Lo mejor de la investigación dermatológica en 2013

 

La investigación de la piel en 2013 se paseó entre el diagnóstico, la terapéutica, la inmunología, la filosofía y la evolución. Un nuevo biológico parece ser el arma para tratar a la dermatitis atópica; conocimos más de la inflamación y nuevos protagonistas gracias a un modelo de dermatitis atópica; un mini ARN será una excelente sonda para diagnosticar y evaluar la esclerodermia; y por fin sabemos cómo los homínidos perdieron su pigmento, dando lugar a los caucásicos nórdicos.  Toda una plétora de bondades tegumentarias.

1) La pérdida del pigmento de los caucásicos se debe a una mutación en el gen de filagrina.

Los investigadores Peter M. Elias y Mary L. Williams publicaron en el Journal of Human Evolution, un artículo que demuestra que los europeos nórdicos poseen mutaciones en  el gen de filagrina. La filagrina es una molécula fundamental en la generación de la barrera epidérmica. La filagrina se metaboliza a ácido urocánico (UCA) en el estrato córneo.  En personas con poco pigmento, UCA es la molécula de la protección solar más potente,  por encima de la melanina. Por lo tanto, las mutaciones de la filagrina que afectan UCA permitirían más irradiación UV-B en la piel, la cual estimularía la producción de vitamina D por la epidermis.

Los resultados presentan nuevas evidencias a la hipótesis sobre la pérdida del pigmento de los humanos cuando se movilizaron de África ecuatorial al norte de Europa, hace unos 10.000 años. Estos cambios permitieron la sobrevivencia de los humanos modernos gracias a la acumulación de vitamina D, pero dieron la posibilidad a otras enfermedades como la dermatitis atópica y algunas formas de ictiosis.

Fuente: Re-appraisal of current theories for the development and loss of epidermal pigmentation in hominins and modern humans. Elias PM, Williams ML. J Hum Evol 2013m 64:687-92.

2. Dupilumab, un nuevo biológico para contrarrestar la inflamación en la dermatitis atópica.

Basado en que las citocinas Th2 IL-4/IL-13 juegan un papel fundamental en la dermatitis atópica, se evaluó la fase 1 de la terapia con el anticuerpo monoclonal, totalmente humano, dirigido a la cadena IL-4Ralfa, la cual bloquea la señalización de IL-4 e IL-13.

El grupo liderado por Lisa Beck de la Universidad de Rochester presentó el trabajo en la reunión International Investigative Dermatology (IID) realizada en Edinburgo, Escocia en mayo 2013.

Los resultados mostraron en pacientes con dermatitis atópica, un margen de seguridad favorable, reducción de los biomarcadores TARC/CCL17 y la mejoría clínica de los pacientes.

3. Un microARN puede ser útil para el diagnóstico y seguimiento de la esclerodermia.

Los microARN o miRNA están asociados con la regulación (supresión) de la expresión génica. En este estudio los resultados mostraron que las concentraciones séricas de miR-142-3p en pacientes con esclerosis sistémica (SS) fueron significativamente más altas que aquellas de pacientes con síndrome del espectro de esclerodermia (SSD), lupus eritematoso sistémico (LES), dermatomiositis (DM) e individuos controles sanos.

 La medición de las concentraciones de miR-142-3p en los pacientes con SSD podría conducir a una detección temprana de esclerosis sistémica.  Y ser una herramienta útil para el diagnóstico de SS y en la diferenciación de SS de SSD.

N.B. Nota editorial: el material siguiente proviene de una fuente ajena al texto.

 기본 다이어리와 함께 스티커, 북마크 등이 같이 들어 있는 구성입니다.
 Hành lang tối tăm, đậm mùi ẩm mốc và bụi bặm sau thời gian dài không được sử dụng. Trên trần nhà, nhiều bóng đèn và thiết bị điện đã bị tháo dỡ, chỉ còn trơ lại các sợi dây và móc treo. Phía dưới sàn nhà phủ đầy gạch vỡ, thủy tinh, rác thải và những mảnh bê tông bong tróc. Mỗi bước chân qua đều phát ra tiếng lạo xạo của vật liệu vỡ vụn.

Fuente: Circulating miR-142-3p levels in patients with systemic sclerosis. K. Makino, M. Jinnin, I. Kajihara, N. Honda, K. Sakai, S. Masuguchi, S. Fukushima, Y. Inoue, H. Ihn. Clinical and Experimental Dermatology 2011, 37: 34-39.

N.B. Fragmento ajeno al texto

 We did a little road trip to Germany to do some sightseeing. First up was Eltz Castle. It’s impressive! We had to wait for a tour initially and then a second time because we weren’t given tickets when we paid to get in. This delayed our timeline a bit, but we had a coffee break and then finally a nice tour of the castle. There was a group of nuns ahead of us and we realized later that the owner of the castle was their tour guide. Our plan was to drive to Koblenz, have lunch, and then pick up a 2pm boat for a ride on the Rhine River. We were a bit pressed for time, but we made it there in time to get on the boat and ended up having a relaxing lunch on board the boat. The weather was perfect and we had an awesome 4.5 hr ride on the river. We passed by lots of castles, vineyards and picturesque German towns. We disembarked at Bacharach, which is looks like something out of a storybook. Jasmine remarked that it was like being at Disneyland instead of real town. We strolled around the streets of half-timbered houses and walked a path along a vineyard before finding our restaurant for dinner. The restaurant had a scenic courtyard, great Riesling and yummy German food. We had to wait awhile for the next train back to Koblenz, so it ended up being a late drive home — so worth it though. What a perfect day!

4. La interleucina-33 de la piel provoca una inflamación  tipo dermatitis atópica en ratones donde abundan las células linfoides innatas tipo 2.

Un modelo de ratón en dermatitis atópica demuestra la participación de la IL-33 y la subsecuente participación de células linfoides innatas tipo 2 (ILC2) en la patogénesis de la inflamación alérgica. Estas ILC2 producen citocinas del tipo Th2.

Fuente: Skin-specific expression of IL-33 activates group 2 innate lymphoid cells and elicits atopic dermatitis-like inflammation in mice. Imai Y, Yasuda K, Sakaguchi Y, Haneda T, Mizutani H, Yoshimoto T, Nakanishi K, Yamanishi K. Proc Natl Acad Sci U S A 2013, 110:13921-6.